Quant aux années de Vienne, il n’y a pas grand, chose à en dire. Beethoven s’écriait un jour, avec cette rude franchise qui lui était propre : « Maudite soit pour moi la vie au sein de cette barbarie autrichienne ! » Et pourtant les Viennois le considéraient volontiers comme un des leurs. Ce mélange particulier de légèreté méridionale et de pesanteur septentrionale, où l’on ne trouve ni ce brillant et ce sens intuitif de la forme qui distinguent les Latins, ni la profondeur et la solidité germaniques, cette « barbarie autrichienne », comme disait Beethoven, Wagner apprit à la connaître par de douloureuses expériences. À son arrivée à Vienne, il entendit son propre Lohengrin pour la première fois de sa vie. Pendant toute la soirée, le public se montra absolument transporté ; et ce fut avec une profonde émotion que Wagner, à la fin, prononça quelques paroles :« Permettez-moi»j dit-il, «de poursuivre le but artistique que je me suis fixé ; je vous prie de m’y aider, en me conservant votre faveur. » Ce fut cet accueil, que Wagner qualifie lui-même de « saisissant », qui le décida à ses entreprises viennoises ultérieures : mais il devait bientôt apprendre que, parmi tant de spectateurs enthousiasmés, il n’y en avait pas même quelques-uns qui fussent disposés à lui accorder le concours qu’il sollicitait ; cet enthousiasme était superficiel, passager, et pas une âme ne se souciait vraiment de ce but auquel il conviait ce public à coopérer. Ce n’avait pas été non plus l’enthousiasme des Viennois, mais uniquement le sens artistique de magnats hongrois et de membres de la noblesse de Bohême qui avait assuré l’existence de Beethoven, pendant qu’il habitait Vienne ; ces traditions, hélas ! s’étaient dès longtemps perdues quand Wagner y vint, et, d’ailleurs, son art n’était pas fait pour le mécénat, il lui fallait un peuple entier… ou un roi. À Vienne, il ne trouva ni l’un ni l’autre. Si l’on excepte quelques Allemands de la classe bourgeoise, il y vécut dans un complet isolement. Ce but artistique, si élevé, qu’il poursuivait, il lui fallut tenter de le défendre, seul et sans appui, contre une des administrations théâtrales les plus corrompues de l’Europe, et contre une presse dont le niveau moral n’étaitpas certes plus élevé que celui de cette administration, mais qui, elle, savait où elle voulait aller, et y apportait une adresse insigne.

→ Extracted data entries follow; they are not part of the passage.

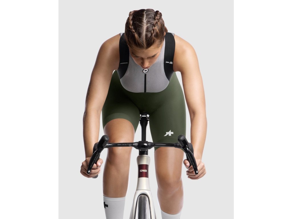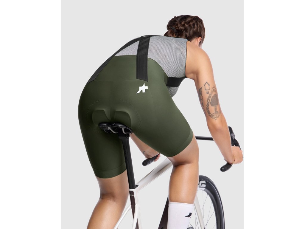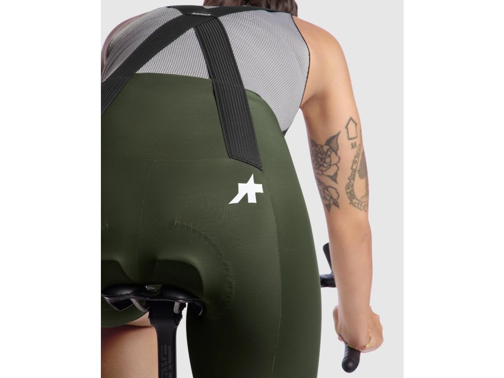Assos UMA GT Bib Shorts S11, Moss Green Dámske komfortné cyklistické nohavice s trakmi
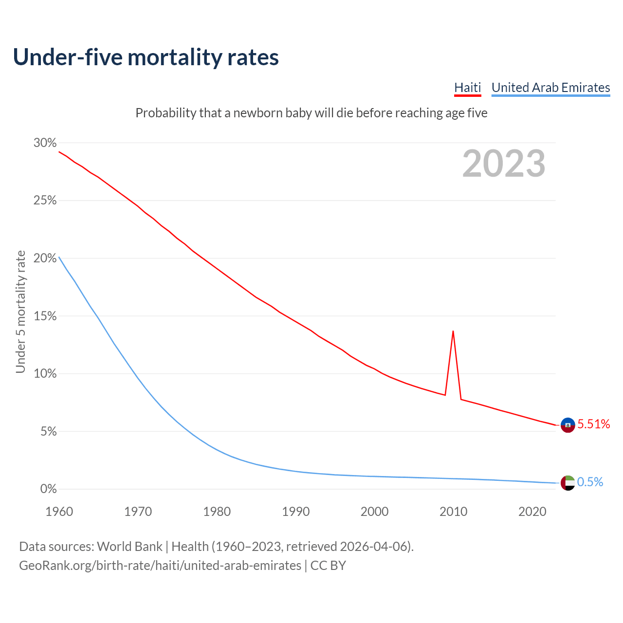 The chance that a newborn baby will die before reaching age five is 5.51% in Haiti and 0.5% in the United Arab Emirates. Above is a chart with historical data on under-five mortality rates.
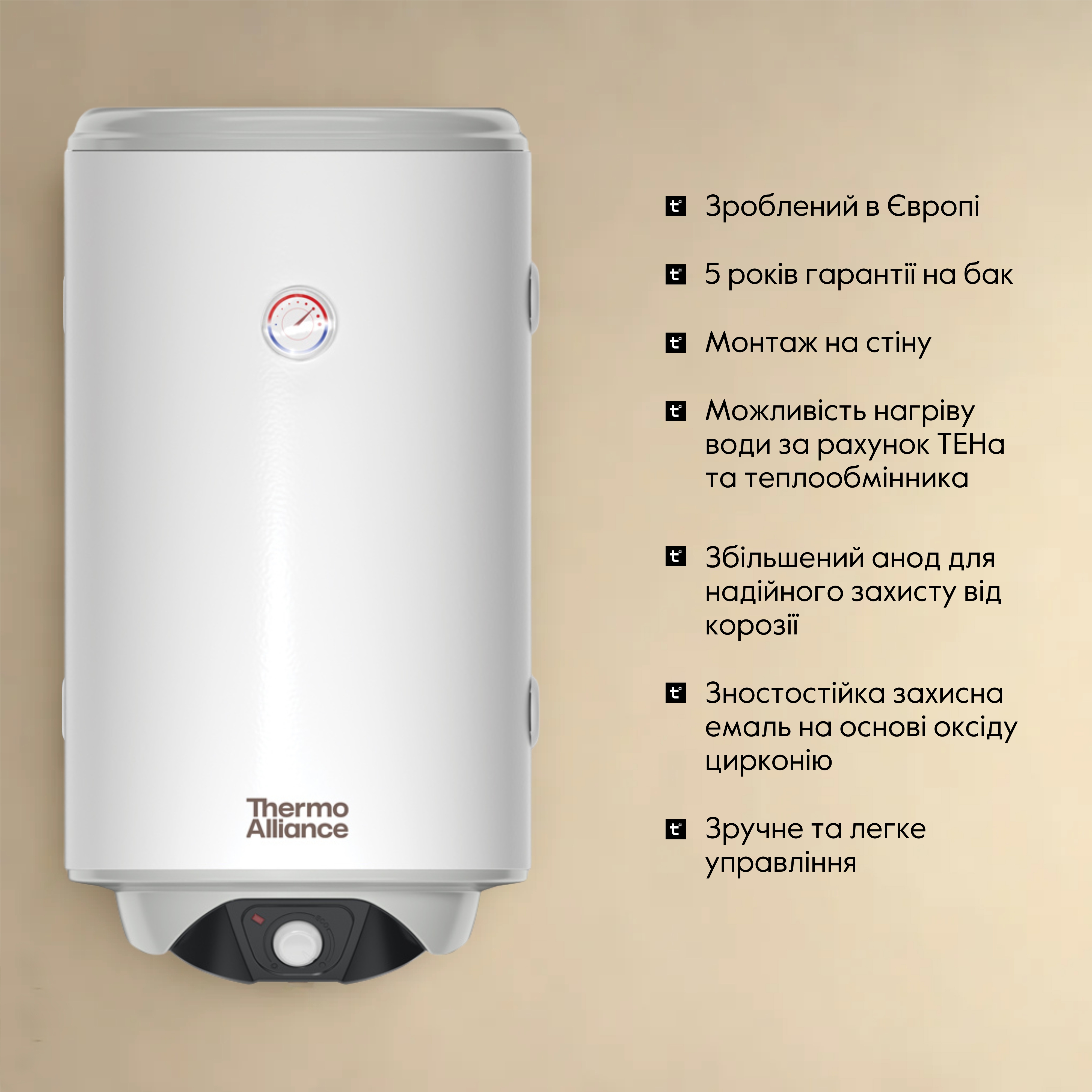 Характеристики Электрический водонагреватель Thermo Alliance 80 л, вертикальный, 2,0 кВт код товару SD00053170

Je ne crois pas qu’il y ait eu dans la vie de Wagner de temps aussi lamentable, aussi tristement dépouillé au point de vue intellectuel et artistique, aussi plein de néant, si j’ose dire, que précisément celui qu’il passa à Vienne. Que pouvait être, pour un Richard Wagner, le grand succès de ses concerts à Vienne, à Prague, à Pétersbourg, à Moscou ? Ils lui fournissaient de l’argent, voilà tout. Le « sybaritisme » de Wagner, dans sa petite maisonnette de Penzing, près de Vienne, a de tout temps servi de texte aux journaux pour des philippiques indignées contre le grand poète. On parle de soie et de velours, de festins arrosés de vin de Champagne, que sais-je ? Ces racontars eussent-ils même quelque fondement en fait, ils ne feraient tout au plus que confirmer ce que je viens de dire. Dans son silencieux asile suisse, l’artiste solitaire, abandonné de tous, avait pu porter son regard vers les Alpes et chercher quelque consolation dans la contemplation d’une nature grandiose ; à Paris, il avait pu se sentir dédommage de bien des injustices par l’affectueuse admiration d’hommes éminents entre tous ; plus tard, à Munich, la fidèle amitié du roi Louis et l’attachement de Schnorr devaient lui tenir lieu de tout ; mais, à Vienne, dans cette « capitale de la vraie frivolité », comme lui-même la baptisa plus tard ?… À Vienne, il n’y avait rien, rien, ni consolation, ni noble diversion, pas un seul « asile » qui s’ouvrît au cœur martyrisé d’un maître poussé aux dernières limites du désespoir, rien, dis-je… que la frivolité même.

Quoi qu’il en soit, au surplus, l’énergie créatrice ne sommeillait point dans son âme d’artiste ; et, pour pouvoir travailler à l’œuvre commencée, à son noble drame des Maîtres Chanteurs, il lui fallait une autre atmosphère : il s’enfuit loin de Vienne.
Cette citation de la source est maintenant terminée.